Alternate installation instructions

If you want to install biomake in /usr/local/bin instead of adding it to your path, type make install in the top level directory of the repository. (This just creates a symlink, so be sure to put the repository somewhere safe beforehand, and don't remove it after installation.)

You can also try make test to run the test suite.

The program can also be installed via the SWI-Prolog pack system.

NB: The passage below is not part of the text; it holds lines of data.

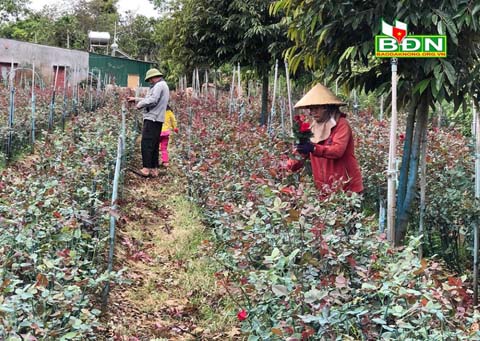 Ngoài các loại hoa thông thường, nhiều nhà vườn cũng trồng hoa cao cấp để phục vụ thị trường Tết. Anh Trần Văn Tập, thôn 14, xã Đắk Wer (Đắk R’lấp) năm nay trồng 6.000 chậu hoa hồng ngoại.
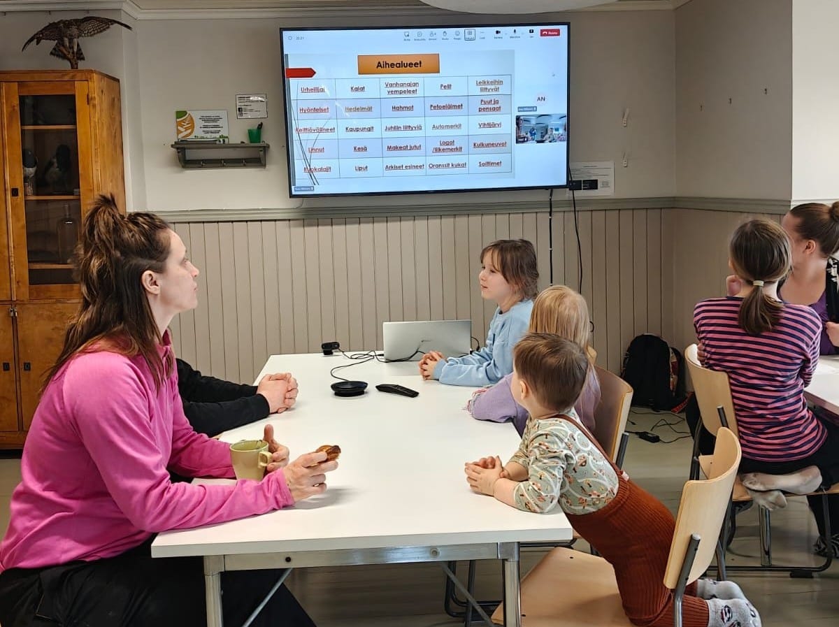 Ruokailun aikana kylätalolle saapui vielä vähän varttuneempaakin väkeä ja näin saatiin kokoon hyvät joukkueet tietovisa varten. Anu piti hauskan koko perheen tietovisan meille etäyhteydellä Espanjasta käsin.
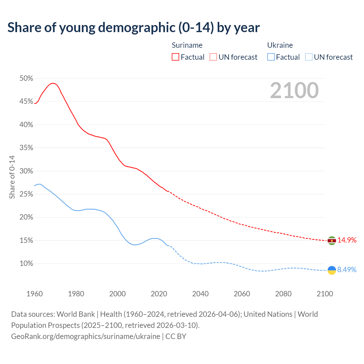 - The share of young demographic (0-15 years old) in Suriname is 25.6% vs 13.9% in Ukraine.
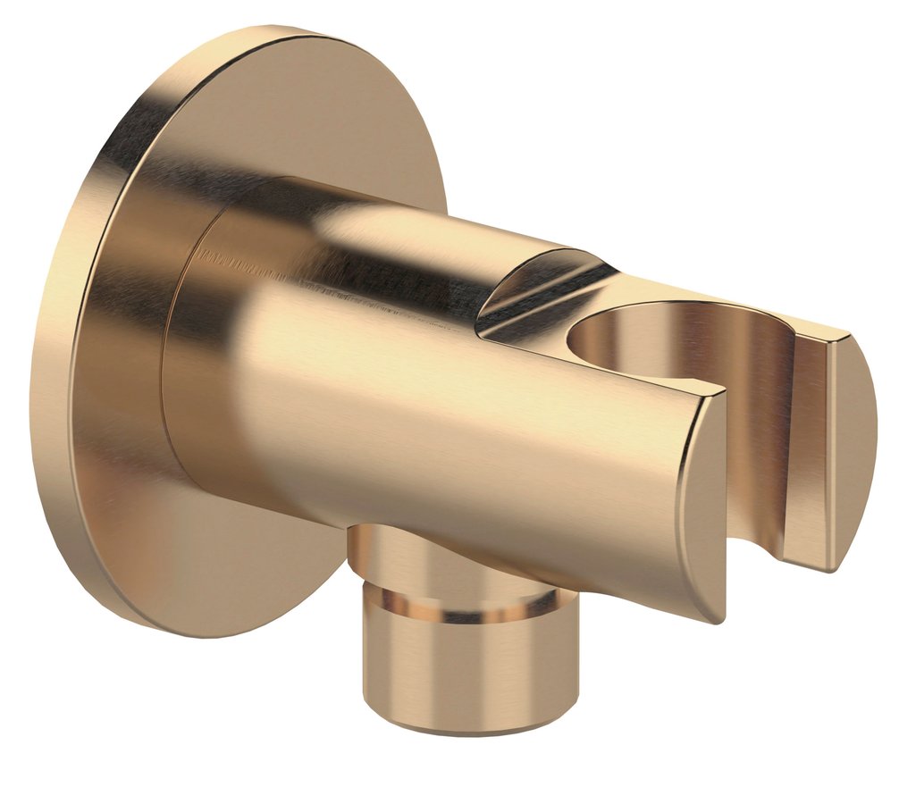 Držák sprchy kulatý, pevný, s vyústěním, zlato mat
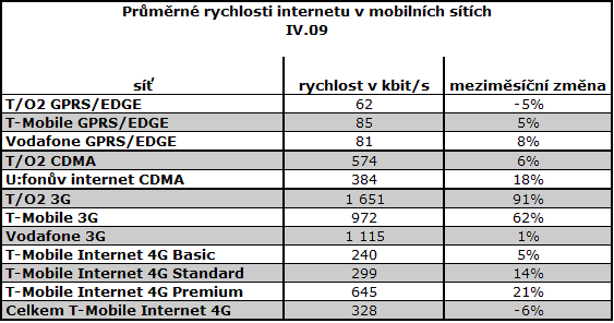 Nárůst u 3G sítí je způsoben zvýšením limitu, nad který jsou měření považována jako platná od 1.4.2010.
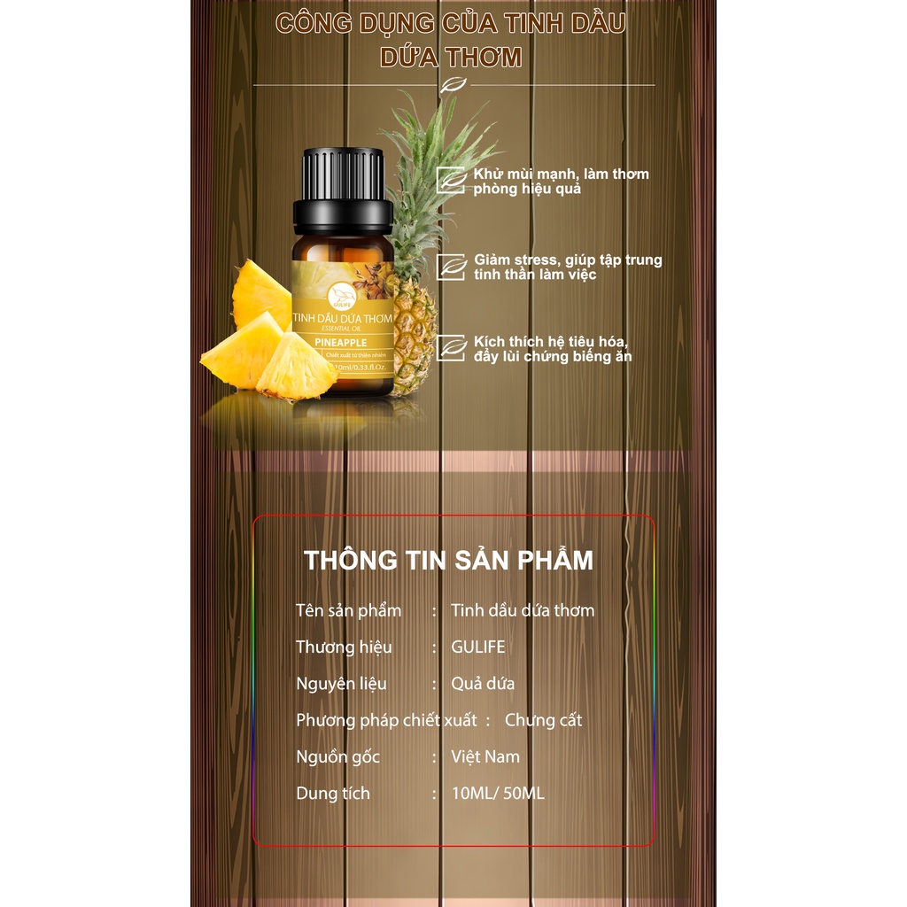 Tinh dầu thiên nhiên Dứa thơm nguyên chất Gulife Essential Oil, xông phòng làm thơm và thư giãn, kiểm định COA 10-50ml
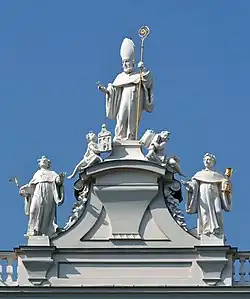 Die dreiachsige Fassade auf einem hohen Sockel ist durch sechs Riesenpilaster gegliedert. In den beiden Seitenachsen befinden sich übereinander jeweils zwei Nischen mit Heiligenfiguren, in der Mittelachse ein Fenster über einer Portalnische. Die Nischenfiguren wurden 1721 geschaffen: in der Mitte Maria mit dem Kind, links oben der heilige Ulrich, links unten der heilige Sebastian, rechts die heilige Rosalia, darunter der heilige Rochus. Über dem Fenster sind ein Relief mit Putten und das kaiserliche Wappen angebracht.
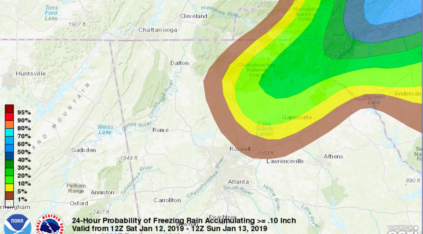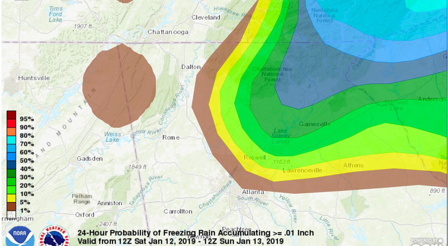 For the Far Northern and Northeast Georgia mountains a dusting of snow and a tenth inch of ice before changing over to just rain Sunday afternoon and evening.
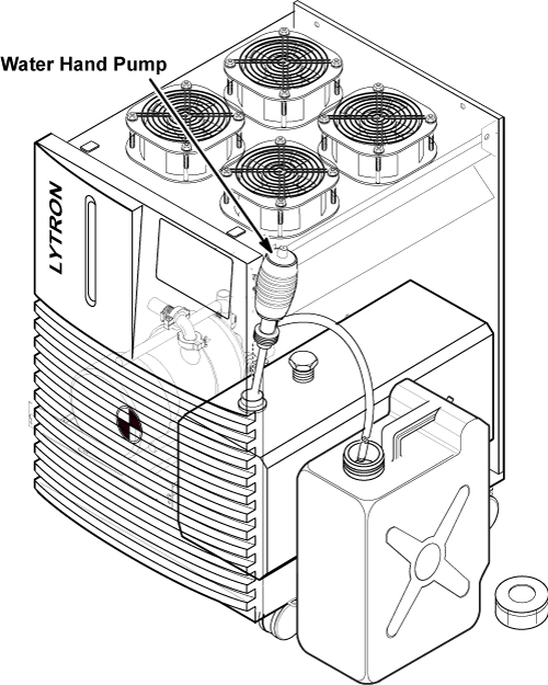 | Plastic draining tank. (Stored under water manifold at System Cabinet left side.) | - | - |
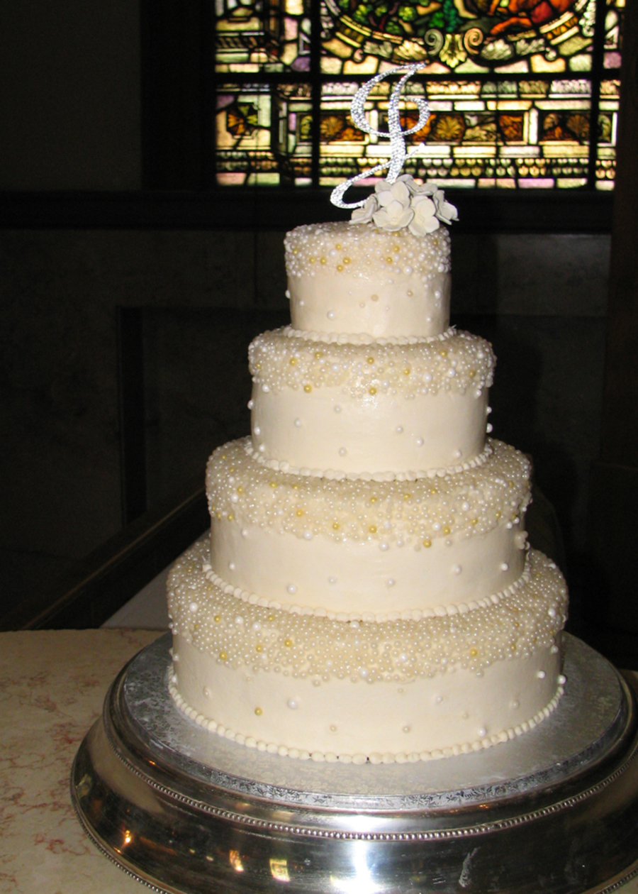 5/8/11/14 ivory BC icing and dragees. sugar hydrangeas on the top. thanks for looking all comments appreciated!
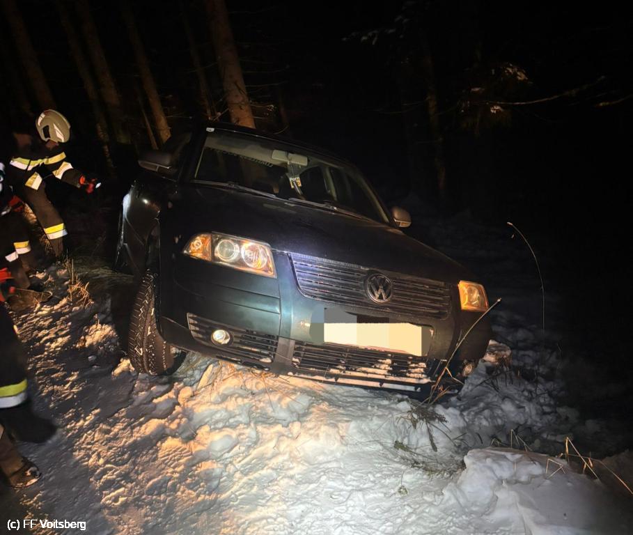 Ein PKW Lenker rutschte bei winterlichen Fahrverhältnissen in den Straßengraben und musste geborgen werden.
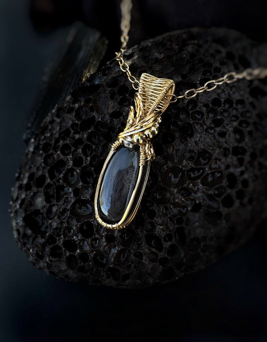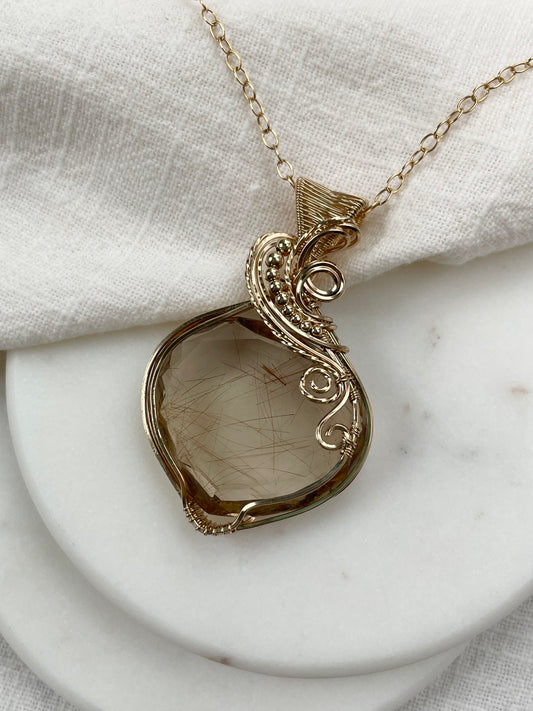 High Quality, Faceted Rutilated Smoky Quartz Necklace in 14k Gold Filled
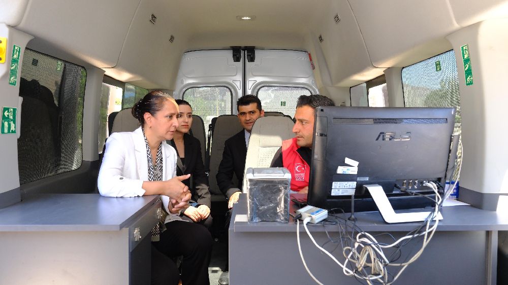Vali Baydar Bilgihan, daha sonra Mobil Göç Noktası İstasyonu'nu ziyaret ederek, göçmen işlemleri ve yürütülen hizmetlere ilişkin yetkililerden bilgi aldı.
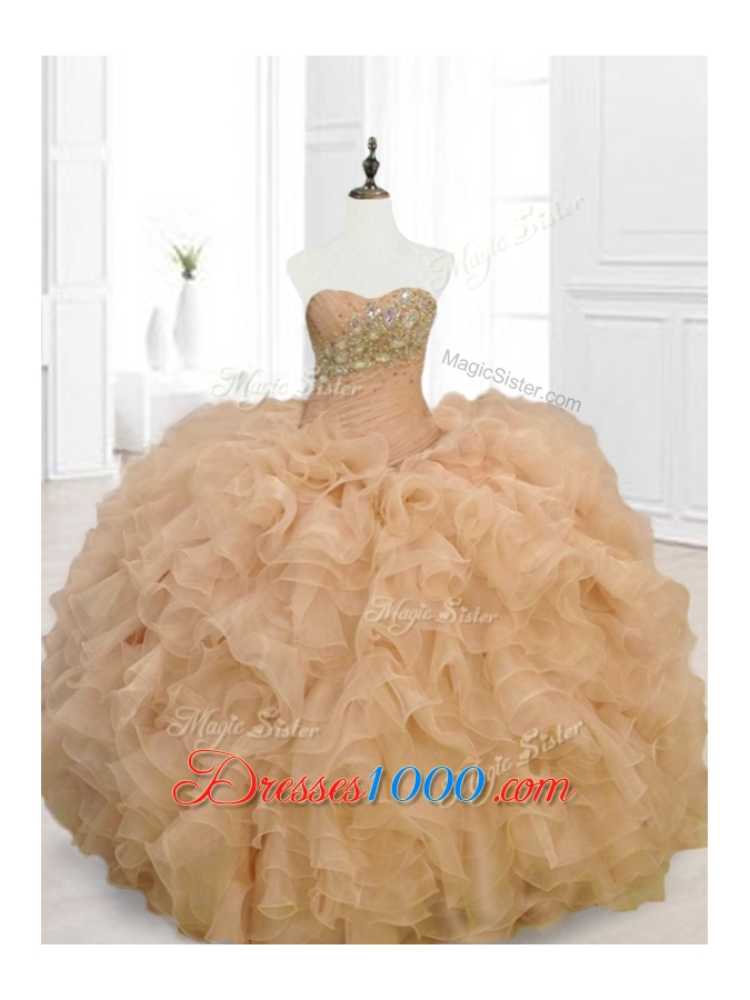 Beautiful Champagne Quinceanera Gowns with Beading and Ruffles
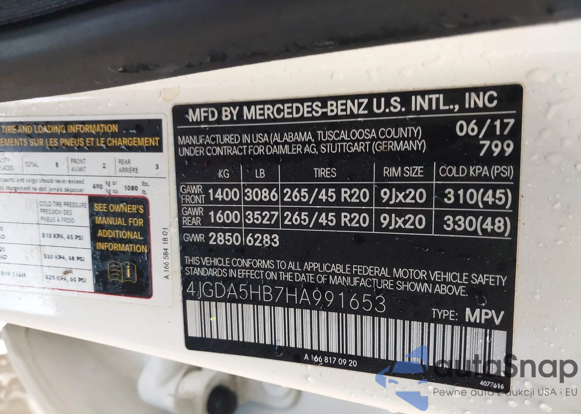 • VIN 4JGDA5HB7HA991653
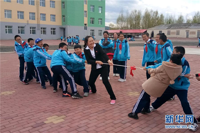 鄉(xiāng)村教師袁艷敏和學(xué)生一起拔河(2018年5月8日攝)。新華社發(fā)
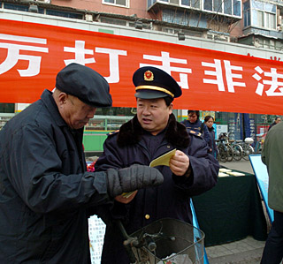 | 太原市工商局杏花嶺分局的工作人員在向市民介紹非法傳銷的危害。新華社記者
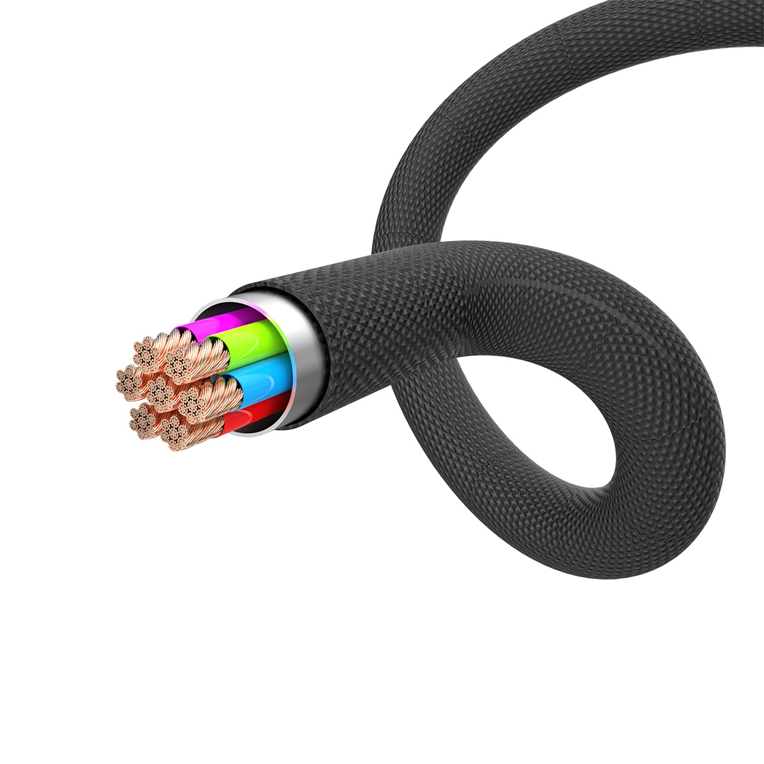 Bagian dalam atau inti kabel dirancang dengan ketangguhan yang luar biasa. Dengan diperkuat tembaga berkualitas premium, memberikan kecepatan transfer yang unggul dan ketahanan lebih optimal. Menjadikannya semakin awet digunakan dalam waktu lama.
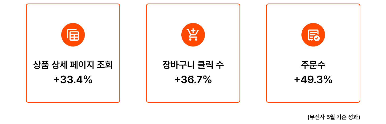 그 외에도 먼저 무신사에서 상품광고를 이용해본 파트너사는 그렇지 않은 그룹에 비해 상품상세페이지 PV, 장바구니 클릭 수, 주문 수 등 주요 지표들이 눈에 띄게 상승했습니다.
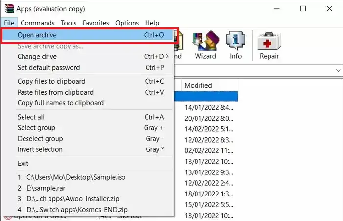 - Download the WinRAR setup from the official website. Install it, open WinRAR, and then go to File > Open archive.
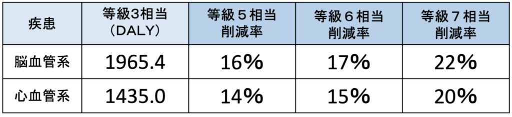等級5と6を見比べると、14%〜17%野中と削減率はほぼ同じです。要するに、長生きするということ。
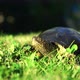 a large turtle is examining the territory and crawling over the grass in the summer. Close-up
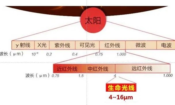 紅外線是一種電磁波,它占據太陽輻射能量的80%。迄今為止統稱為紅外線的電磁波分為近紅外線、中紅外線和遠紅外線三種。太陽放射出包括γ射線在內的所有波長的電磁波,但只有波長為4-1000微米的電磁波才是遠紅外線。如果按溫度來換算的話,相當于450℃至-270℃,即較低溫度的放射體發出的電磁波就是遠紅外線。
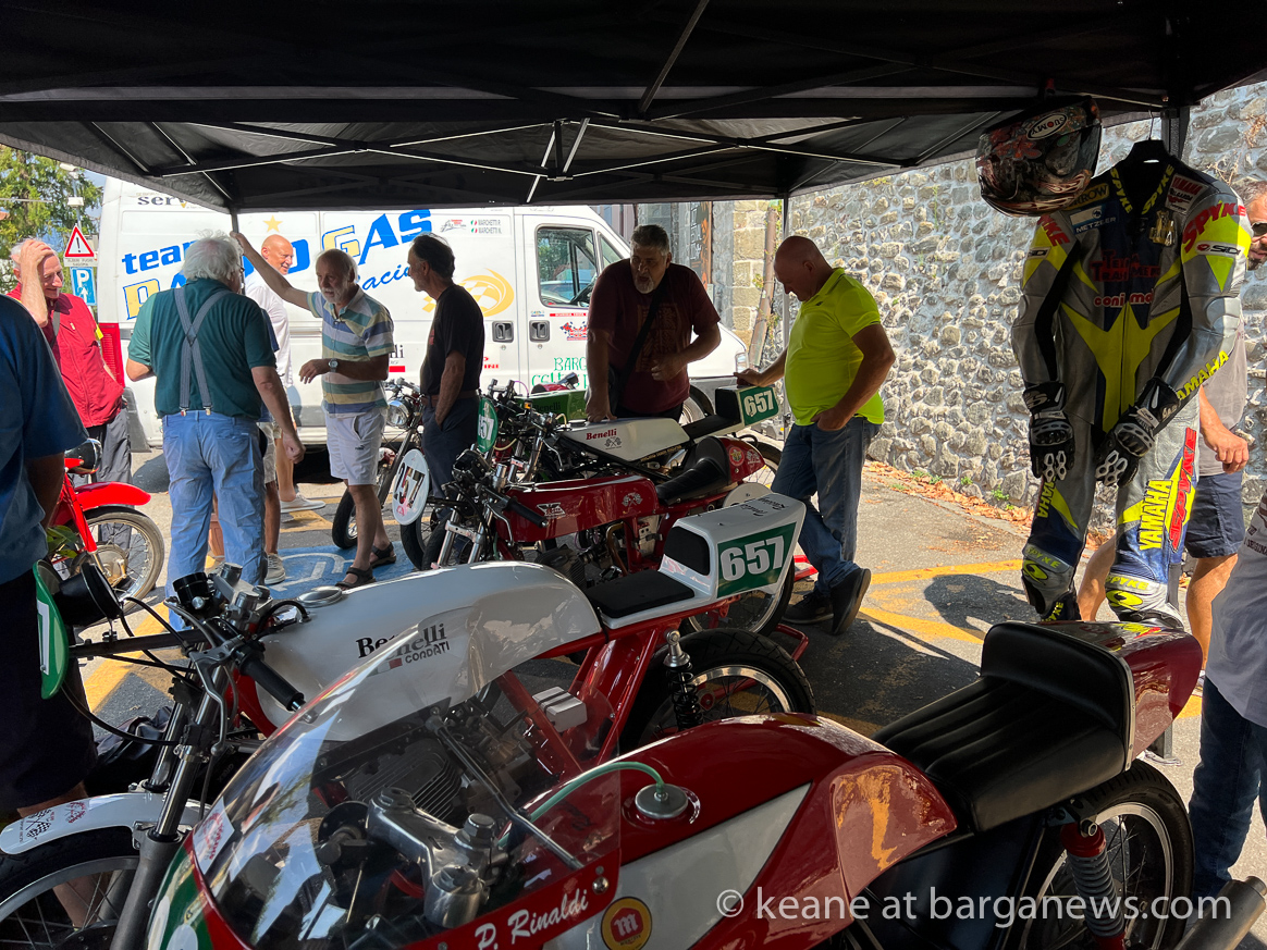In memory of Tordo – an exhibition of Vintage and veteran racing motorbikes was held outside the main walls of Barga Vecchia this morning.

Just start SWI and type:

?- pack_install('biomake').

Command-line

biomake [OPTIONS] [TARGETS]

Options

-h,--help 
    Show help
-v,--version 
    Show version
-n,--dry-run,--recon,--just-print 
    Print the commands that would be executed, but do not execute them
-B,--always-make 
    Always build fresh target even if dependency is up to date
-f,--file,--makefile GNUMAKEFILE
    Use a GNU Makefile as the build specification [default: Makefile]
-p,--prog,--makeprog MAKEPROG
    Use MAKEPROG as the (Prolog) build specification [default: Makeprog]
-m,--eval,--makefile-syntax STRING
    Evaluate STRING as GNU Makefile syntax
-P,--eval-prolog,--makeprog-syntax STRING
    Evaluate STRING as Prolog Makeprog syntax
-I,--include-dir DIR
    Specify search directory for included Makefiles
--target TARGET
    Force biomake to recognize a target even if it looks like an option
-T,--translate,--save-prolog FILE
    Translate GNU Makefile to Prolog Makeprog syntax
-W,--what-if,--new-file,--assume-new TARGET
    Pretend that TARGET has been modified
-o,--old-file,--assume-old TARGET
    Do not remake TARGET, or remake anything on account of it
-k,--keep-going 
    Keep going after error
-S,--no-keep-going,--stop 
    Stop after error
-t,--touch 
    Touch files (and update MD5 hashes, if appropriate) instead of running recipes
-D,--define Var Val
    Assign Makefile variables from command line
Var=Val 
    Alternative syntax for '-D Var Val'
-l DIRECTORY
    Iterates through directory writing metadata on each file found
-s,--quiet,--silent 
    Silent operation; do not print recipes as they are executed
--one-shell 
    Run recipes in single shell (equivalent to GNU Make's .ONESHELL)
-H,--md5-hash 
    Use MD5 hashes instead of timestamps
-Q,--queue-engine ENGINE
    Queue recipes using ENGINE (supported: test,sge,pbs,slurm,poolq)
-j,--jobs JOBS
    Number of job threads (poolq engine)
--qsub-exec PATH
    Path to qsub (sge,pbs) or sbatch (slurm)
--qdel-exec PATH
    Path to qdel (sge,pbs) or scancel (slurm)
--queue-args "ARGS"
    Queue-specifying arguments for qsub/qdel (sge,pbs) or sbatch/scancel (slurm)
--qsub-args "ARGS"
    Additional arguments for qsub (sge,pbs) or sbatch (slurm)
--qdel-args "ARGS"
    Additional arguments for qdel (sge,pbs) or scancel (slurm)
--flush,--qsub-flush <target or directory>
    Erase all jobs for given target/dir
--debug MSG
    [developers] Debugging messages. MSG can be build, pattern, makefile, md5...
--trace predicate
    [developers] Print debugging trace for given predicate
--no-backtrace 
    [developers] Do not print a backtrace on error

Embedding Prolog in Makefiles

Brief overview:

  • Prolog can be embedded within prolog and endprolog directives
  • $(bagof Template,Goal) expands to the space-separated List from the Prolog bagof(Template,Goal,List)
  • Following the dependent list with {Goal} causes the rule to match only if Goal is satisfied. The special variables TARGET and DEPS, if used, will be bound to the target and dependency-list (i.e. $@ and $^, loosely speaking; except the latter is a true Prolog list, not encoded as a string with whitespace separators as in GNU Make)

Examples

This assumes some knowledge of GNU Make and Makefiles.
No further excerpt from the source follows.